- [Exercise instructions]:
Only the lines from the one with "公司 連續5年 被美國最權威繡花雜志<<Stitches>>評為" to the end of the data, both ends included, should be output, exactly as they stand and without pictures.

Recorded data
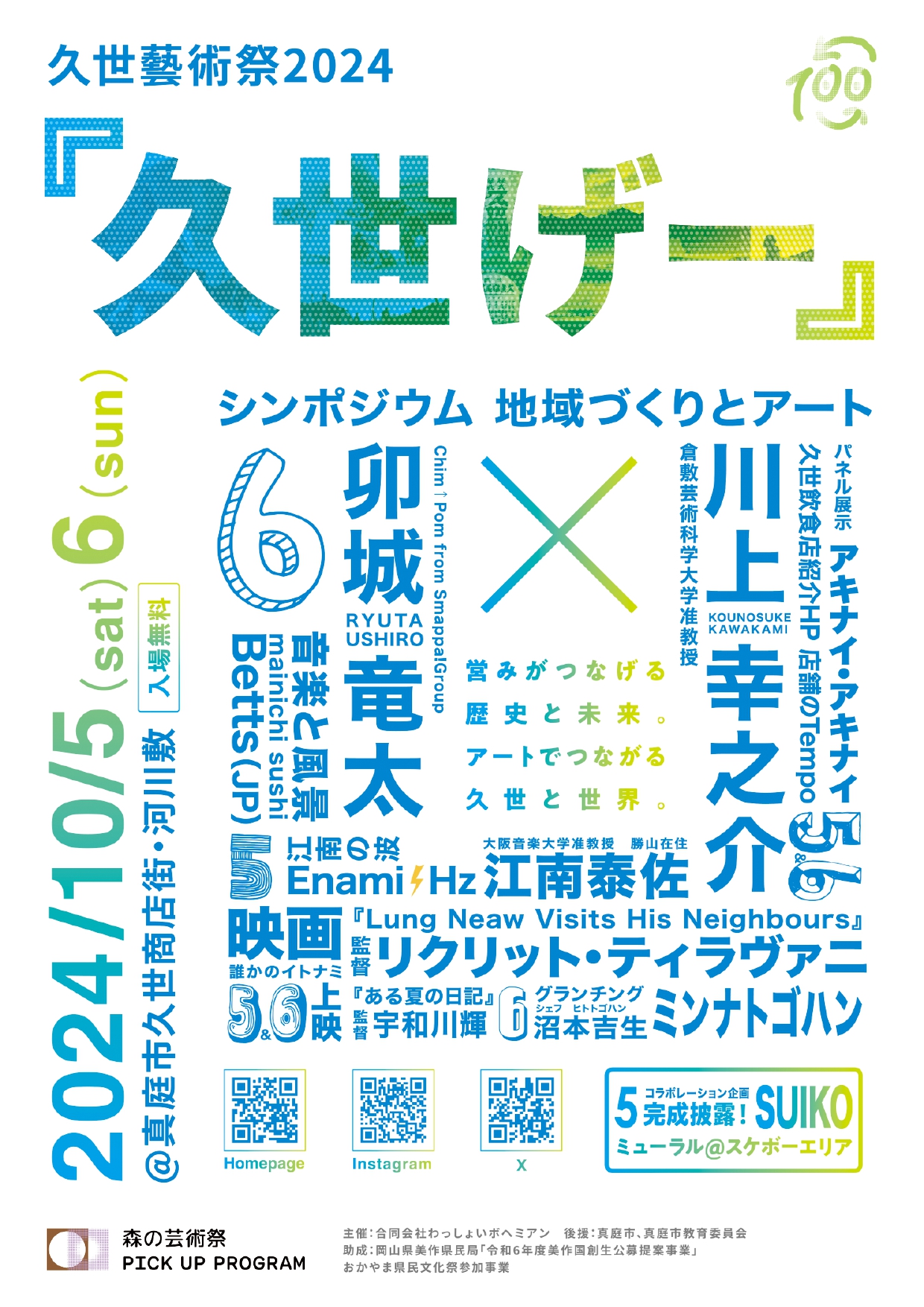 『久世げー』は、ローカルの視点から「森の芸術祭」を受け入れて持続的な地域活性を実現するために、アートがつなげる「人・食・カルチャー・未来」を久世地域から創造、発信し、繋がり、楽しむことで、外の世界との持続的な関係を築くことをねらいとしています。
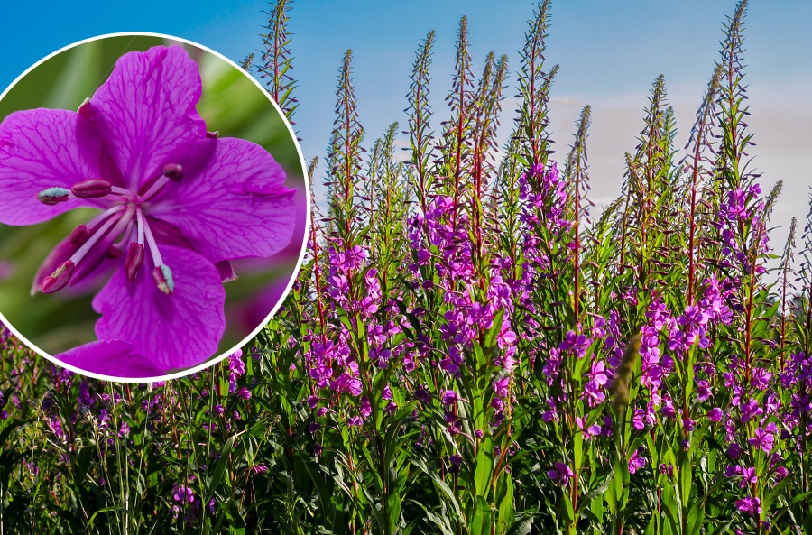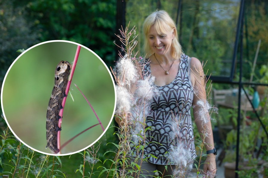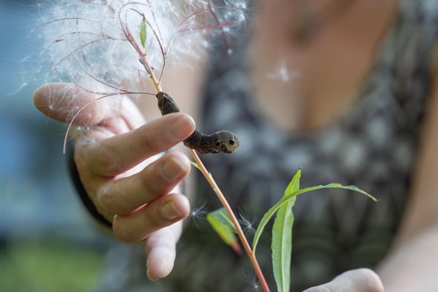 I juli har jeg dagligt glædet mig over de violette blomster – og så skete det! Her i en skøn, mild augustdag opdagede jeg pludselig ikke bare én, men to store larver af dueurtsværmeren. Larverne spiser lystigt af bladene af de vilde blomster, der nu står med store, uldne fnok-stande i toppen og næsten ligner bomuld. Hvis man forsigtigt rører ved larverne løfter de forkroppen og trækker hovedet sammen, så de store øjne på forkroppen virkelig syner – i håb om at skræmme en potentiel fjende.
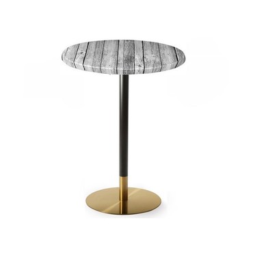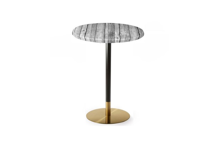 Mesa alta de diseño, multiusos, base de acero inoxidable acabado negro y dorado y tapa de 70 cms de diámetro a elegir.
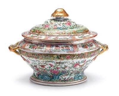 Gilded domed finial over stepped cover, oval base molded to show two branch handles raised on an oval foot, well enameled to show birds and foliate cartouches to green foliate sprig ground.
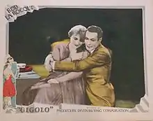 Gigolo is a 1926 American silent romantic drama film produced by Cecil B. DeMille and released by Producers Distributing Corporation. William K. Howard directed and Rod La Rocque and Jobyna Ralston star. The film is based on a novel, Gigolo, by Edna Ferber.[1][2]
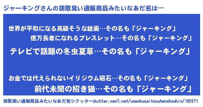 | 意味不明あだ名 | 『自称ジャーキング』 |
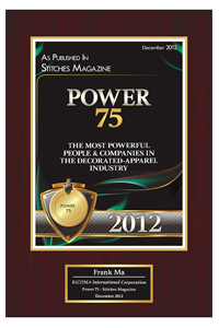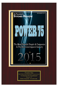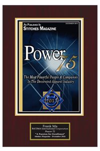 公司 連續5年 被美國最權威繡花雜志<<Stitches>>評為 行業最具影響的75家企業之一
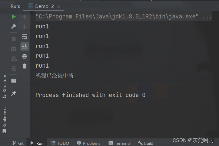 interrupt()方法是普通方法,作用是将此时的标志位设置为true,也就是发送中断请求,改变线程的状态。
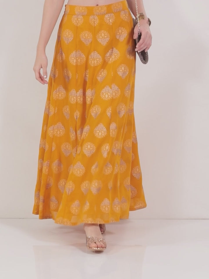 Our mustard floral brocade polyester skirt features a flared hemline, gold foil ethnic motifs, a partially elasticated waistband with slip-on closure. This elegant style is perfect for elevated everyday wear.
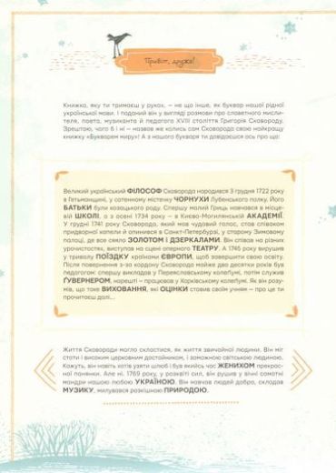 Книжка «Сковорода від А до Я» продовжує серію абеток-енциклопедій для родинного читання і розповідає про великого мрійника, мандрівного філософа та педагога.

- [Response area]:
 公司 連續5年 被美國最權威繡花雜志<<Stitches>>評為 行業最具影響的75家企業之一
 interrupt()方法是普通方法,作用是将此时的标志位设置为true,也就是发送中断请求,改变线程的状态。
 Our mustard floral brocade polyester skirt features a flared hemline, gold foil ethnic motifs, a partially elasticated waistband with slip-on closure. This elegant style is perfect for elevated everyday wear.
 Книжка «Сковорода від А до Я» продовжує серію абеток-енциклопедій для родинного читання і розповідає про великого мрійника, мандрівного філософа та педагога.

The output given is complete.